=== Begin Enclosure ===

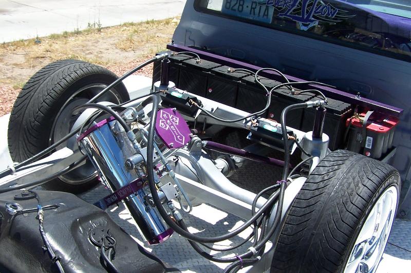 hydrolics. 2 pump 6 battery setup chrome and purple.
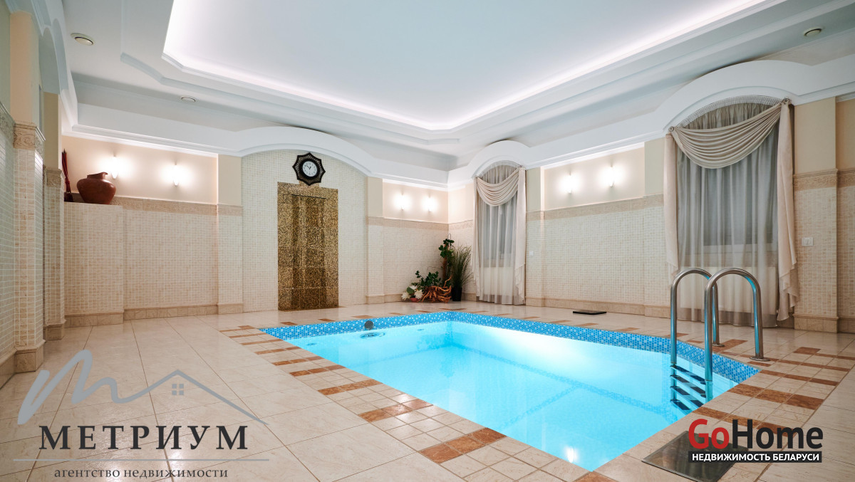 В большом доме есть зона СПА + сауна, тренажерный зал, бильярд, гостиная, столовая, 10 комнат, подземный гараж на 2 машины.
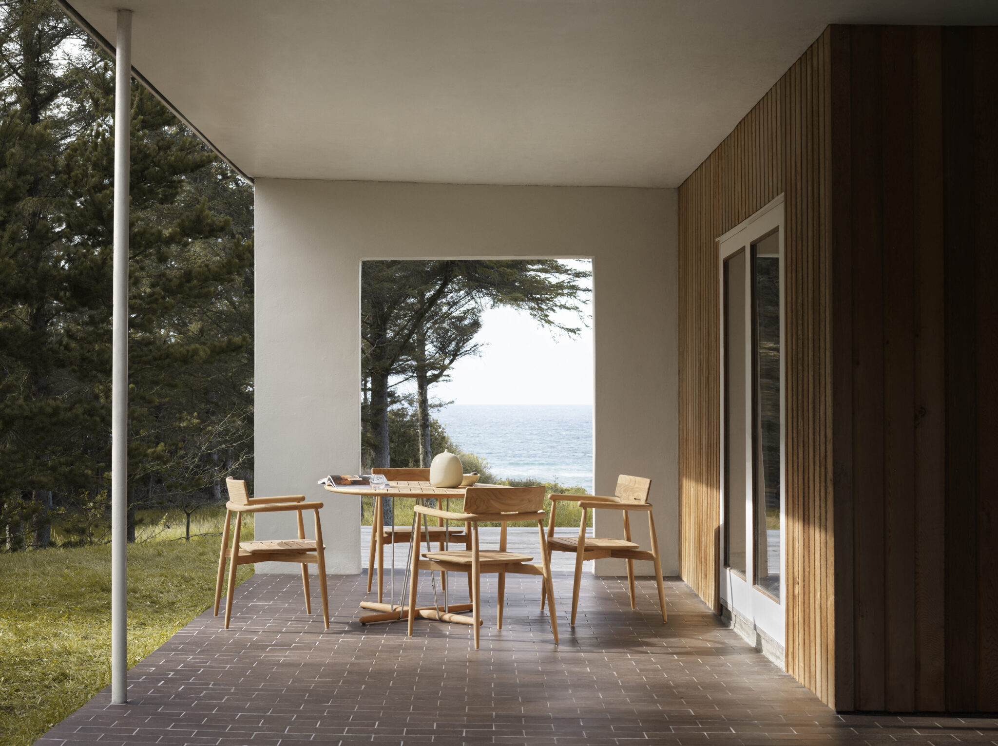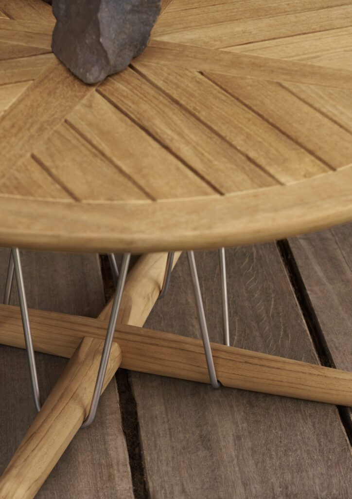 Extending the contemporary Embrace Series for Carl Hansen & Søn, the design trio EOOS presents the E022 Embrace Outdoor Dining Table. The round table in untreated teak seamlessly continues the silhouette of the indoor Embrace Series. The contrast between a sturdy steel wire suspension and a solid wood base and tabletop gives it a dynamic expression that brings the comfort of indoors into the garden. A small (Ø80) and a medium (Ø110) and large (Ø140) sized table are available.
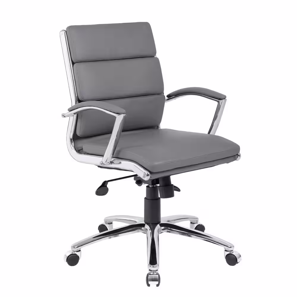 BOSS Office Products Gray Leather Mid-Back Executive Chair, Chrome Finish with Padded Arms
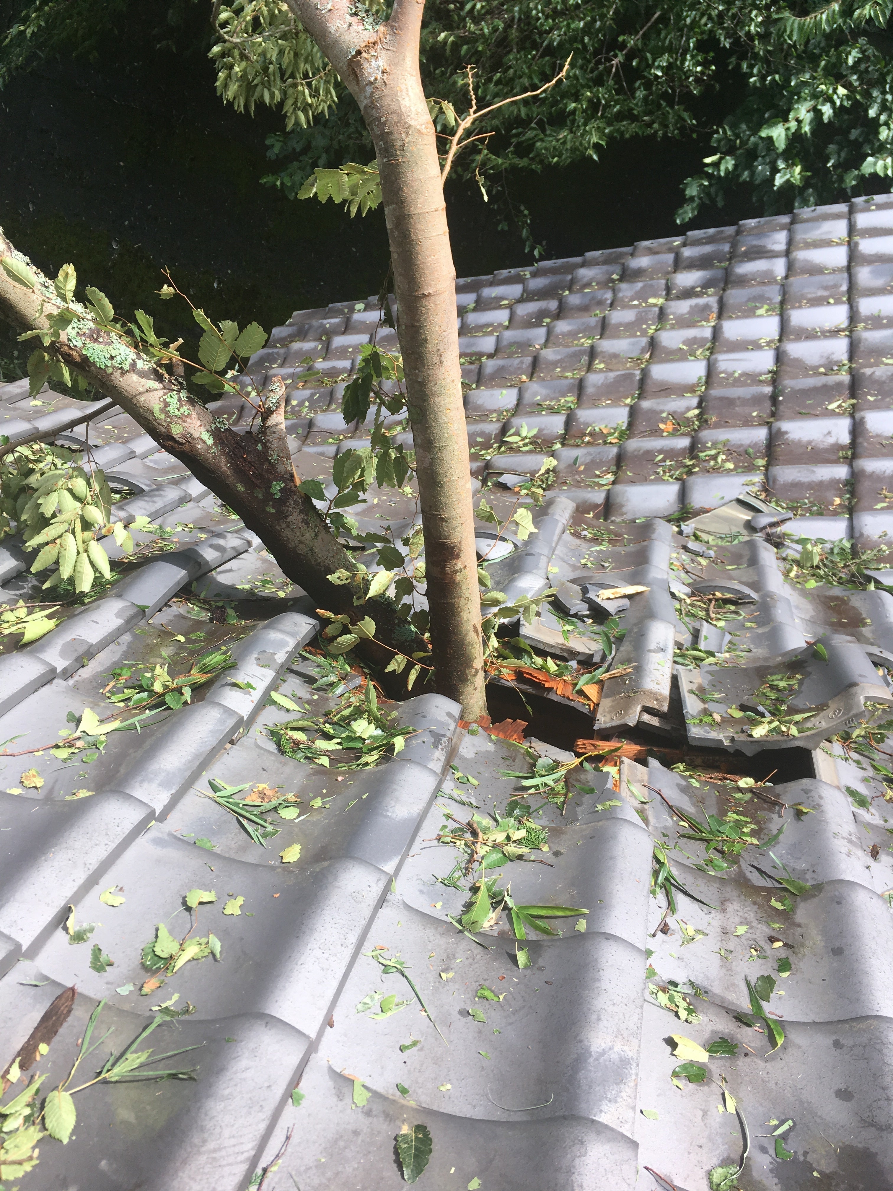 【強風で折れた大きな枝約10mが屋根に刺さり、なんと深夜の座敷へ貫通!】
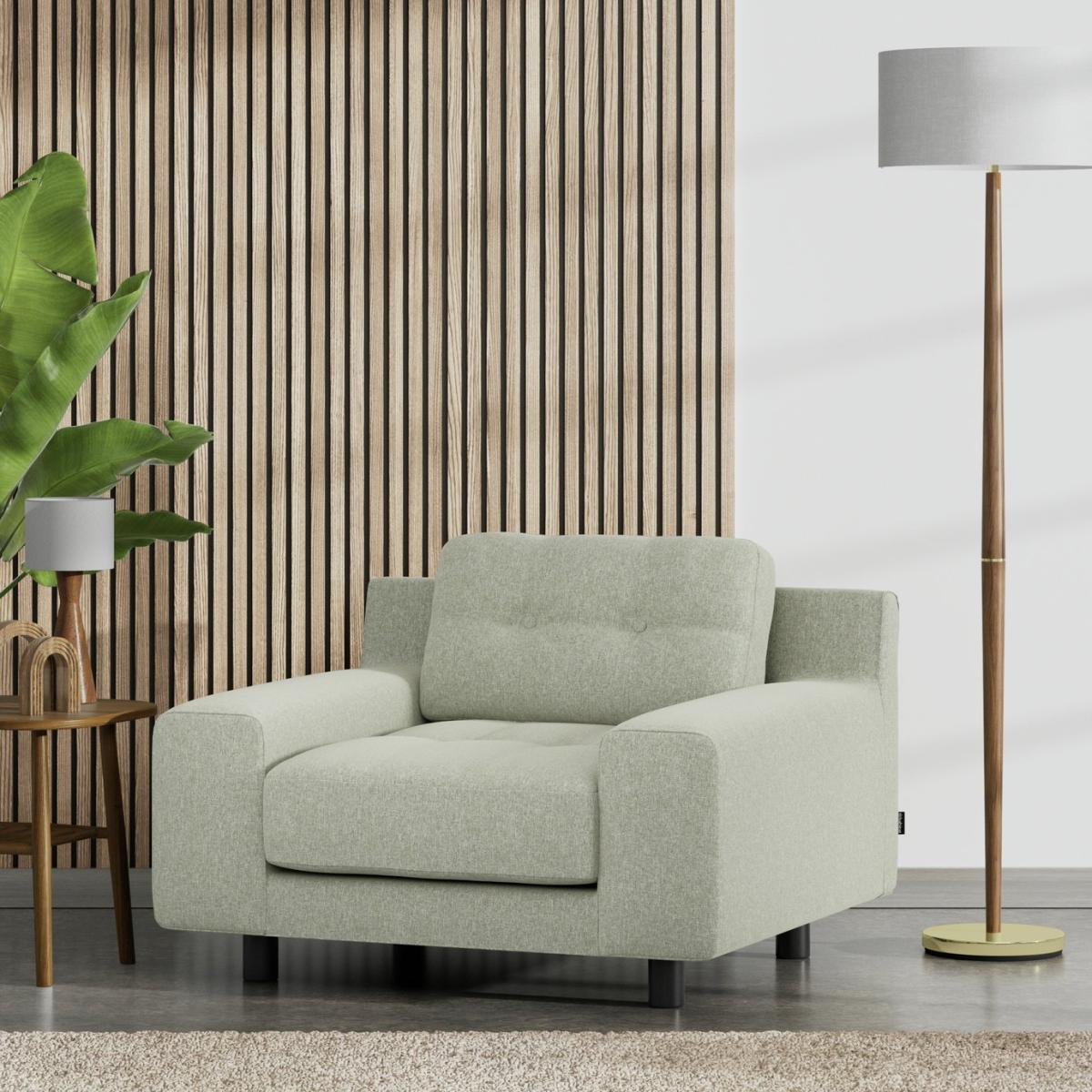 When it's made for you, you know you'll love it. The iconic Hendricks armchair takes its cue from the best of mid-century design, with low wide arms and soft, deep, buttoned cushions. Upholstered in a contemporary Flat Weave, the Hendricks has a smooth but tonal look. And sits beautifully in contemporary and classic settings providing ample restful seating for family and friends. Offering relaxed comfort, Hendrick's cushions use high density foam, further wrapped in a thick quilted fibre wrap to create the perfect balance of support, durability and recovery. Handmade to order in the UK. The Hendricks uses quality materials and traditional techniques for furniture that's unique to you. Available in a choice of sizes and fabrics including Aquaclean technology protection built into the yarn, which is easy to clean with just water. Part of the Hendricks collection. Material: Made from 100% polyester. Wooden feet. Removable seat with fibre filling. Removable cushion(s) with fibre filling. Free fabric swatch available on this line. Dimensions: Size H79, W104, D90cm. Floor to seat height: 45cm. Depth of seat: 60cm. Height of seat back: 40cm. Width of seating area between arms: 62cm. Height of ARM rest: 48cm. Weight: 32kg. Packaged dimensions: Package size H84, W109, D95cm. General information: We do more than deliver your product, we unpack, set it up and take away the packaging. Manufactured in the UK using components sourced globally. Professional clean only. Plump cushions regularly to maintain shape. Manufacturer's 15 year frame guarantee.
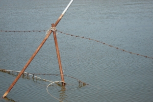 | 주민들이 낚시인들의 쓰레기문제 해결방안으로 철조망을 둘러쳐 놓았습니다. |
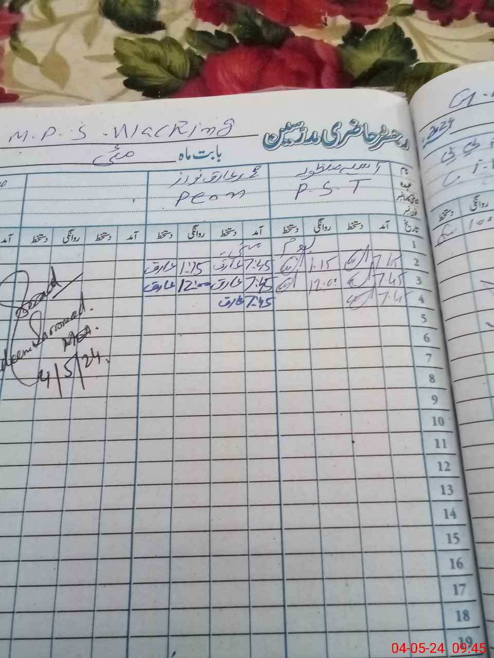 | Name: Aa**** Ma**** Designation: (School Headmaster's/Headmistress's) PST/PTC/JV Phone/Cell Number: 03**** |

=== End Enclosure ===

Treating the line with "В большом доме" as the last line to include, retype the records exactly from their first line, excluding pictures.

§ Exercise output
 hydrolics. 2 pump 6 battery setup chrome and purple.
 В большом доме есть зона СПА + сауна, тренажерный зал, бильярд, гостиная, столовая, 10 комнат, подземный гараж на 2 машины.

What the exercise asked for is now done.